Perhaps I was right to give Treasury man Tim Geithner the benefit of the doubt over his statements last week hinting at King Dollar protection. Perhaps.
Today’s big news on the Fed’s QE2 money-creating policy — due out the day after the election — suggests a minimal Fed pump priming. Call it QE Lite.
This comes from Jon Hilsenrath’s Fed-leak story in the Wall Street Journal. The next round of monetary stimulus won’t be anything near $1 trillion to $2 trillion, but more like “a few hundred billion dollars over several months.”
As a result of this story, the dollar rose half a percent across-the-board, and gold is now about $80 below its recent peak.
Now, don’t get me wrong. I don’t want QE anything. There’s plenty of unused liquidity sloshing around the system. And a stable King Dollar is the best medicine for economic growth and price stability.
What will trigger a stronger economy with job creation is the $100 billion budget cut now being discussed by Republicans in the House along with a freeze on the Bush tax rates. That’s pro-growth fiscal policy. Join it with pro-growth currency stability.
But back to the Fed and Treasury. A minimalist Fed stimulus is certainly better than a massive new-dollar creation that would totally sink the greenback and lead to a much higher inflation tax far more quickly than almost all commentators think.
And here’s an interesting point. Maybe Bernanke & Co. has been watching inflation-sensitive market prices, including gold, commodities, the negative real yield on inflation-protected bonds, and even the run-up in oil. Perhaps the Fed is at least cognizant of the risks of a plunging dollar.
Even longer-term bond rates have been backing up. So it’s not inconceivable that the Treasury and Fed are watching market-price indicators, including the dollar. And perhaps that accounts for the Fed leak of a minimalist action rather than a dollar-destroying maximum action.

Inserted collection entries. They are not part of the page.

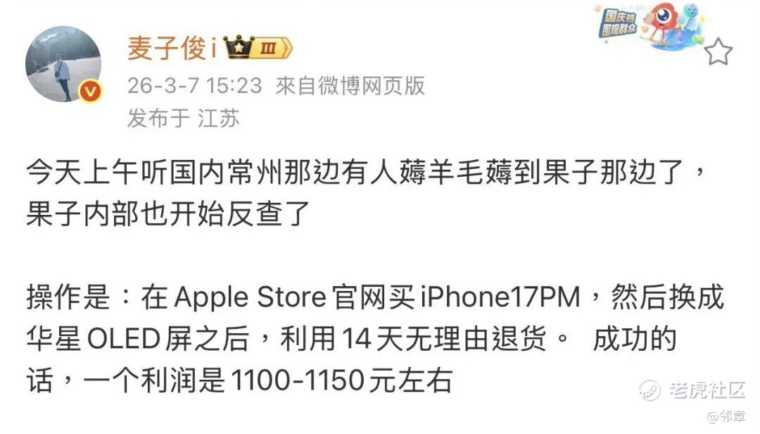 这些不法分子在用国产屏幕替换iPhone原装屏幕后,利用苹果14天无理由换货政策去退换货,进而赚取屏幕差价。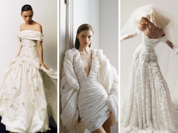 В коллекции Amures невесты точно найдут платья на свой вкус. Здесь представлены как мини, так и макси с длинным шлейфом, одни наряды усыпаны кристаллами, а другие сшиты из изящно светящейся ткани. Здесь есть место и минимализму, и роскоши, что всегда идут бок о бок (читайте также: Невесты на миллион: 8 потрясающих свадебных платьев, в которых выходили замуж топ-модели).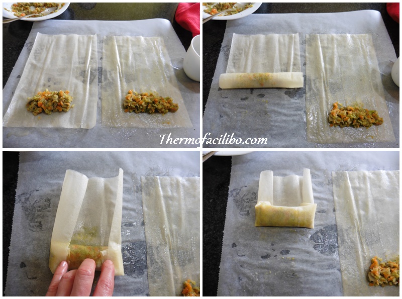 - Pinzellar cada làmina de pasta filo amb mantega fosa i posar al centre, de l’extrem més proper a nosaltres, una cullerada de les verdures. Enrotllar fins a la meitat, aleshores, doblar els laterals cap al centre i acabar d’enrotllar (com us mostro a les fotos).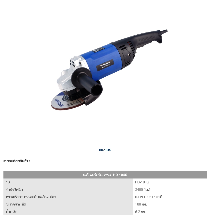 เครื่องเจียรไฟฟ้า 7" รุ่น HD-104S ฮุนได Hyundai กำลังไฟ 2400 วัตต์ ความเร็วรอบ 8500รอบ/นาที ขนาดจานขัด 7"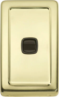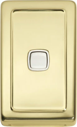 Flat plate 1Â gang rocker switches with brass covers and HPM mechanisms. Matching sockets and compatible accessories also available.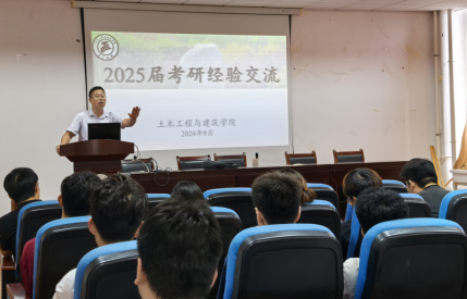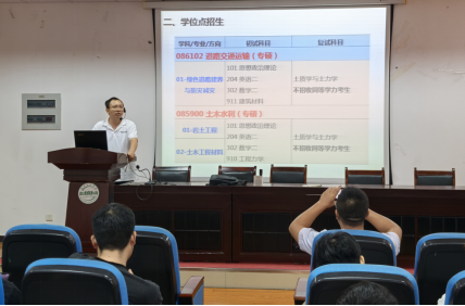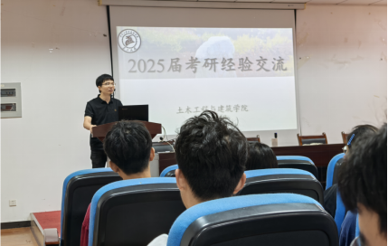 经验交流会开始后,王元元教授介绍了土建学院现有的道路交通运输及土木水利两个硕士点,对专业特点、招生要求、初复试科目、生源计划及调剂原则进行了详细讲解;周兴涛副教授就学院现有的导师团队、科研平台、项目经费和试验设备为同学们进行了讲授,并呼吁大家第一志愿踊跃报考本校硕士点;薛金顺副教授辅导同学们规划了余下三个月的复习安排,着重强调了备考心态特别是上考场后应合理规避的“雷区”,鼓励大家坚定信心、直视挑战、披荆斩棘、成功“上岸”;周飞副教授为同学们罗列了学院教师现有的院校资源,择优选取对考研复试更为有利的高校,并耐心解答了在场考生提出的相关疑惑;刘雨荷老师叮嘱大家留意考研相关讯息,既要低头努力驾车,亦需抬头谦虚问路,切勿因为过度“闭关”复习错过了报名缴费的重要时间截点。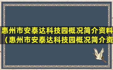 惠州市安泰达科技园概况简介资料(惠州市安泰达科技园概况简介资料电话)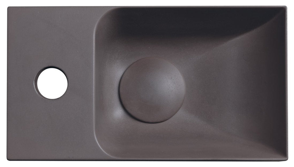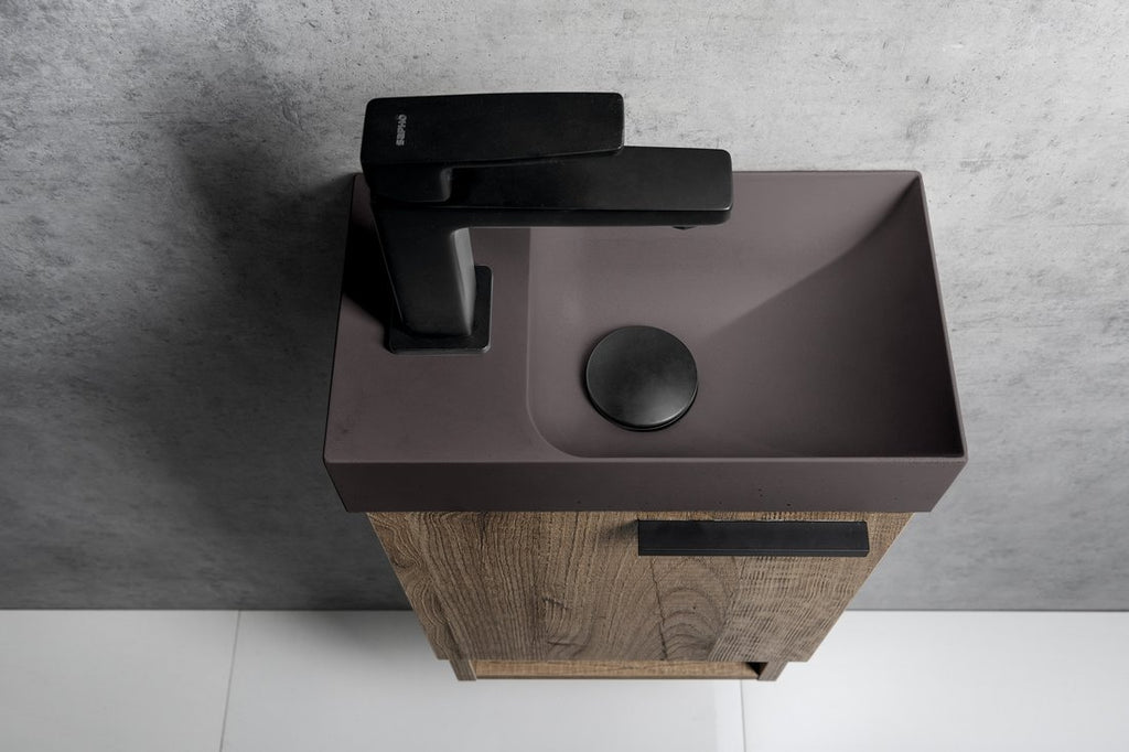 De Piccolino Betonnen Toiletfontein 30,8 x 17 cm Kraan Links Donkerbruin Mat is een kleine toiletfontein die perfect past in een compact toilet. Je combineert een luxe uitstraling met een slimme maatvoering.
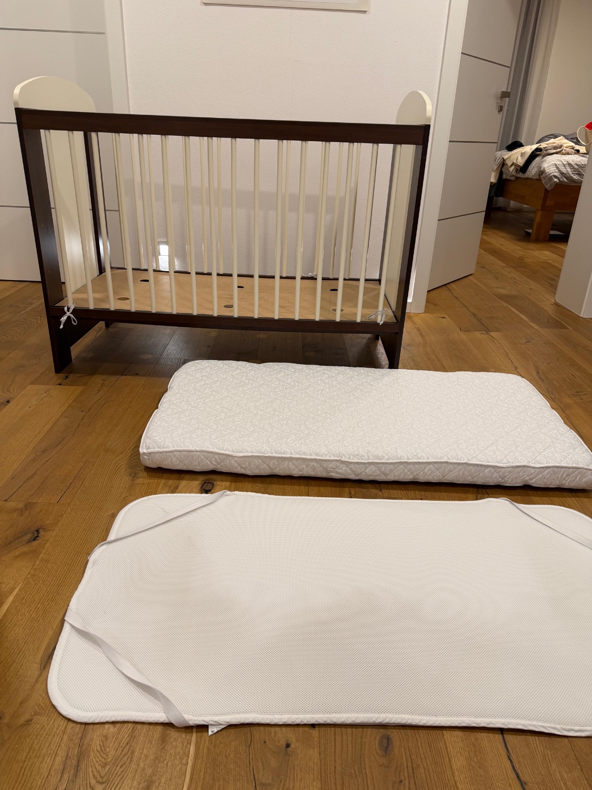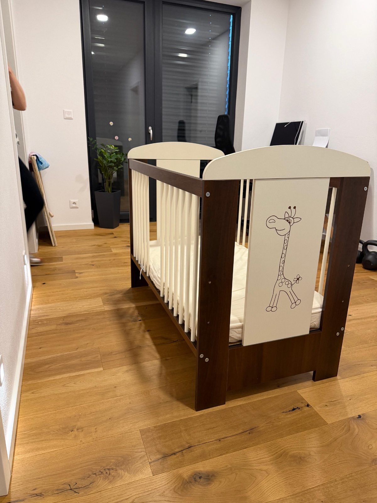 Používana po 2 detoch, ale po nateri bude ako nova Ma nejake nedostatky, trochu pooskierana, ale je to kvalitne drevo, tak staci len pretriet Ma 3 polohy Matrac je kvalitny z pamatovej peny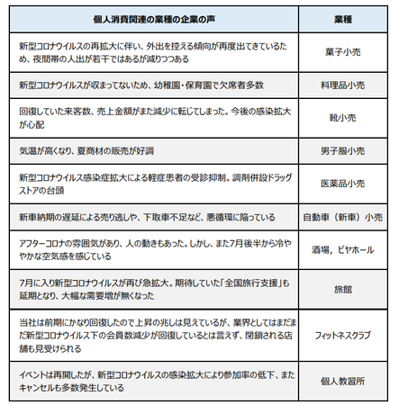 業界別:新型コロナウイルスの再拡大を受け、個人向けサービスが下押し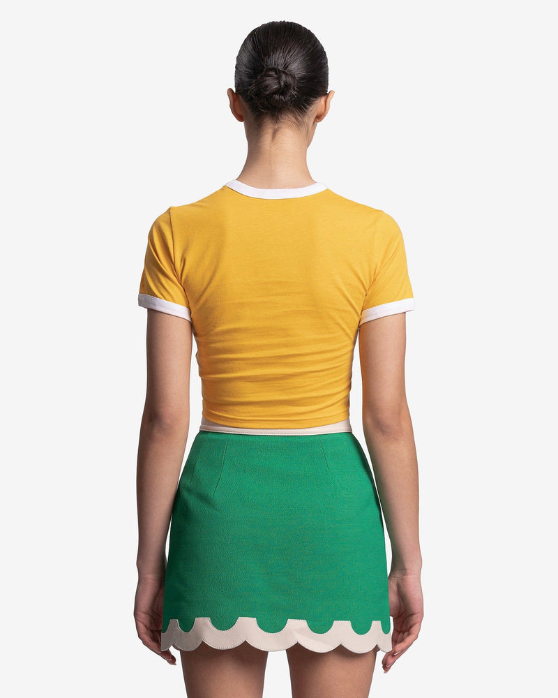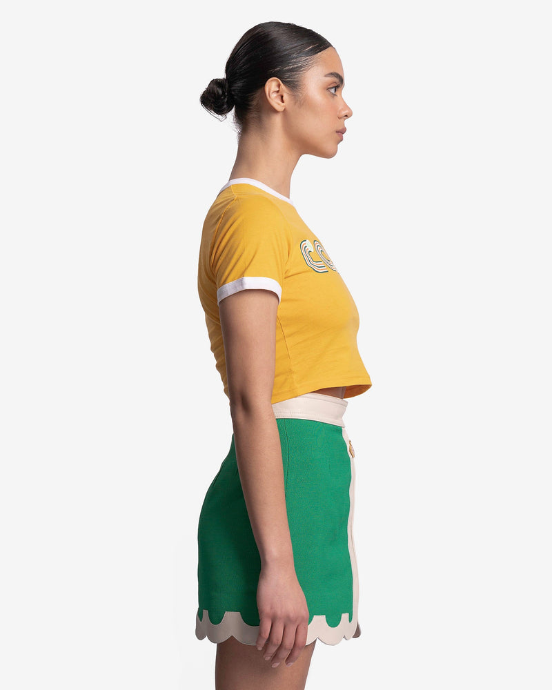 Casablanca women’s graphic baby tee in yellow. This t-shirt features a graphic print of tennis balls spelling 'CASA' on the front and has a white trim at the neckline and cuffs.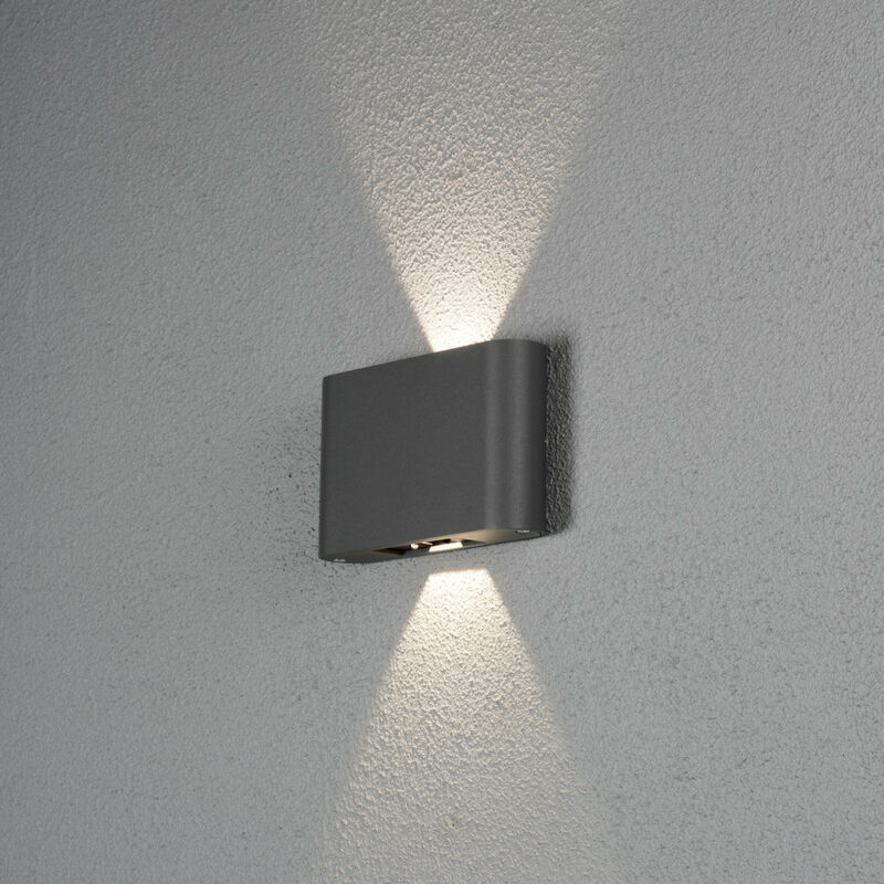 Konstsmide Chieri Applique da esterno moderna Up Down 2x 6W Fascio orientabile grigio scuro, IP54 | Finitura: Grigio Antracite | Materiale: alluminio | Grado di protezione IP: IP54 | Altezza: 11,5 cm | Larghezza: 18 cm | Profondità: 4,5 cm | Tipo di lampada: LED integrato | Lampadina inclusa: Sì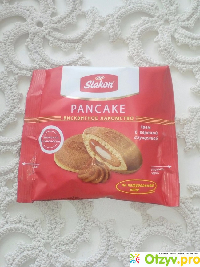 Не так давно блуждала по супермаркету Монетка и нашла прилавок, где лежали всякие вкусные штучки типа вафелек, бисквитов, козинаки и другие лакомства. Решила взять одну интересную и новую для себя штуку к чаю и это был оладушек pancake Slakon с кремом из вареной сгущенки. Продаются они по 1 штуке и цена была всего 9 рублей 90 копеек.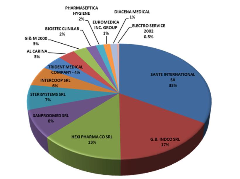 Singurele excepții sunt Hexi Pharma cu o creștere de 23% în 2013 și 5% în 2014 și Sante International cu 2% în 2013 și 9% în 2014. Pharmaseptica Hygiene o companie care are o cotă de piață de 2% potrivit studiului ICAP, a crescut numărul angajaților cu 67% în 2013 și 27% în 2014.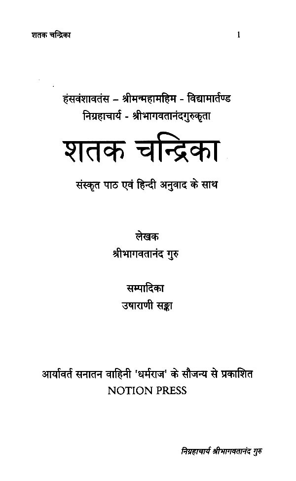 श्रीनिग्रहाचार्यविरचिता शतक चन्द्रिका (मूल संस्कृत पाठ एवं हिन्दी अनुवाद सहित): Shataka Chandrika by Srinigrahacharya (With Original Sanskrit Text and Hindi Translation)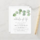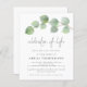 Um valor para o alternativo do ORÇAMENTO em tamanho menor de 4,5 x 5,6" de semirbrilho de 110 lbs, que é de espessura semelhante a um cartão postal (no entanto, não é adequado para uso como cartão postal). POR FAVOR, OBSERVE QUE HÁ UM convite por folha. Orçamento Eucalyptus Celebração Do Convite À Vida. Estilo botânico minimalista, com folhagem aquosa no topo. Um roteiro manuscrito para Cebração da Vida e o resto do texto que você pode personalizar facilmente.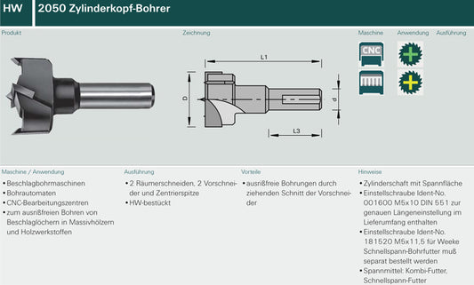 Stehle Hartmetall-bestückter Zylinderkopfbohrer 15x57,5mm Schaft=10x26mm Linkslauf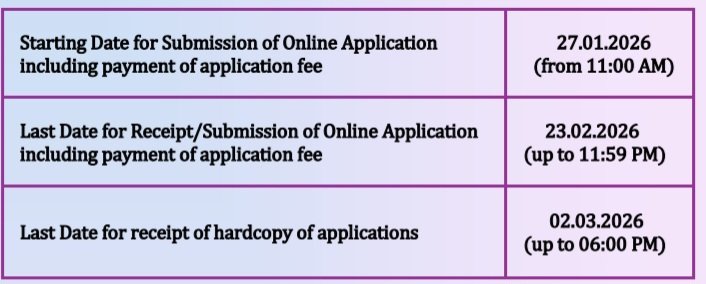 ఆన్‌లైన్ దరఖాస్తు సమర్పణ ప్రారంభ తేదీ : 27.01.2026 (ఉదయం 11:00 గంటల నుండి)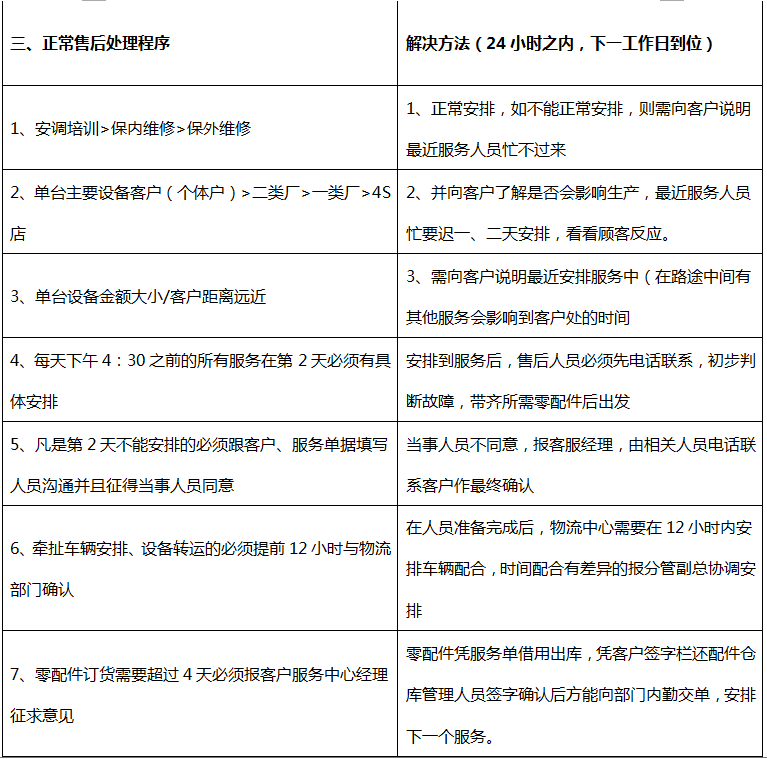 2.5售后服務(wù)執(zhí)行標(biāo)準(zhǔn)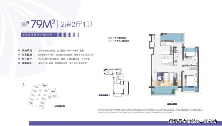 1、近16年未见的建面约79㎡全功能小户型样板间尺度震撼,约5.4米客厅开间,未来可打造2+X房,实际使用感受堪比常规建面约89㎡的户型;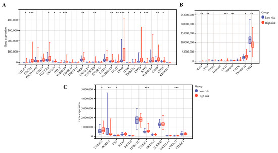 The differential gene expression of the immunotherapy checkpoints (A,B) and m6A (C) between the low-risk and high-risk groups. * p < 0.05, ** p < 0.01, and *** p < 0.001.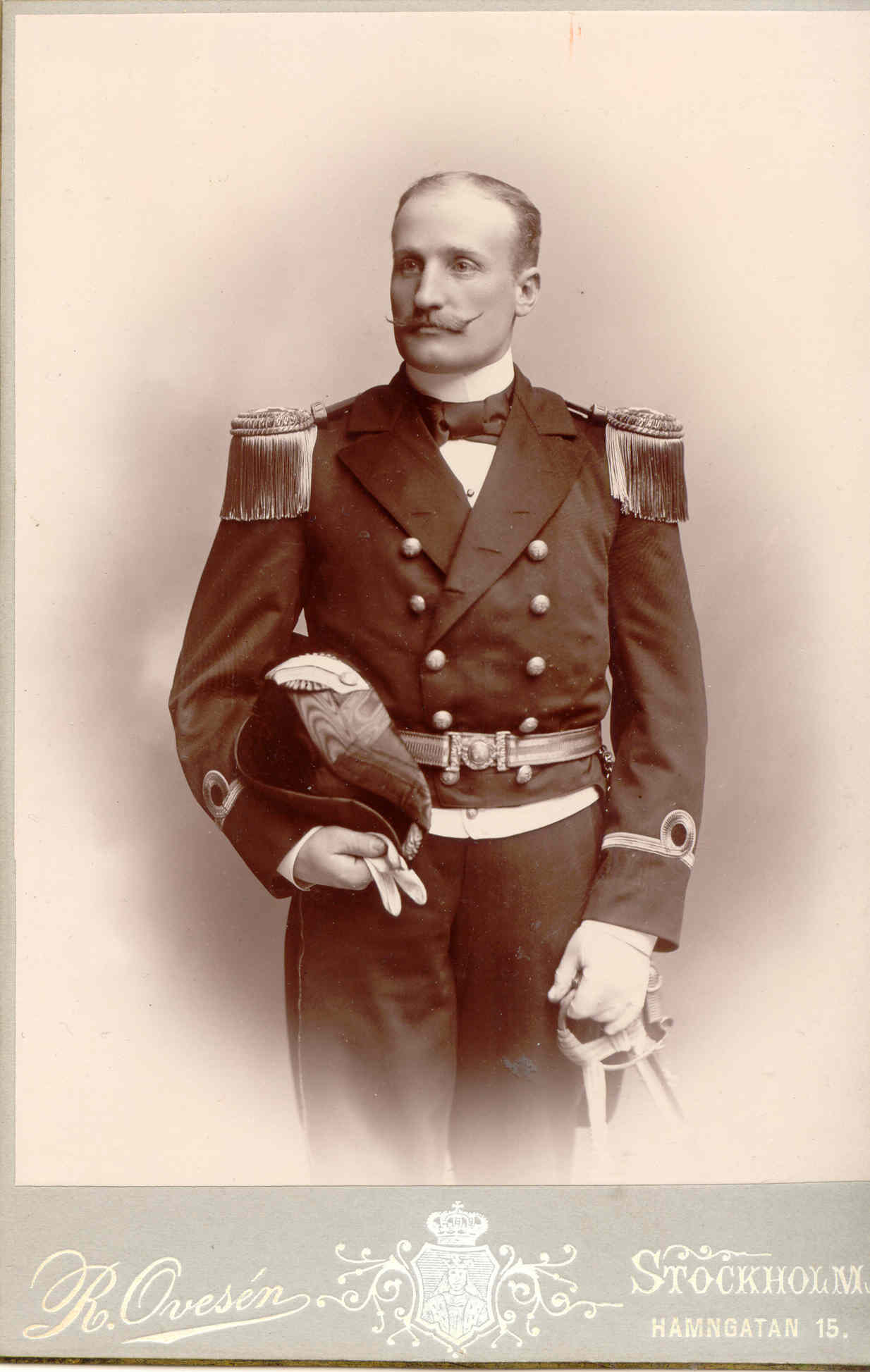 Den enkla guldgalonen med ''kringla'' betecknade (vid den tiden) en Underlöjtnant i svenska flottan. Bilden visar mannen i Paraduniform, vilken kanske då kompletterades med de ''axelepåletter med buljoner'' han bär.

And as Hilsenrath points out, there are a lot of doubters inside the Fed. The presidents of the reserve banks in Minneapolis, Dallas, Philadelphia, and Kansas City are leading the skeptical charge. Good for them.
In any event, since Geithner came out with his statement that no country can devalue its way to prosperity, and that the dollar is low enough against the euro and yen, the greenback has at least temporarily stabilized and gold prices have dropped.
The stock market is trying to figure all this out, and it got slammed earlier this morning. But the Dow came back to close only 43 points down.
Let me say this: Stocks soared during the strong-dollar Ronald Reagan ’80s (at least during his first term) and in Bill Clinton’s second term. These were King Dollar periods that helped set the stage for non-inflationary wealth creation and low unemployment.
More to the point, the expected Republican tsunami come Tuesday is likely to shift fiscal policy in the direction of lower spending, taxing, and regulating. We can debate how much, but that will be the GOP/Tea Party intent. That’s bullish for the dollar, the economy, and the stock market.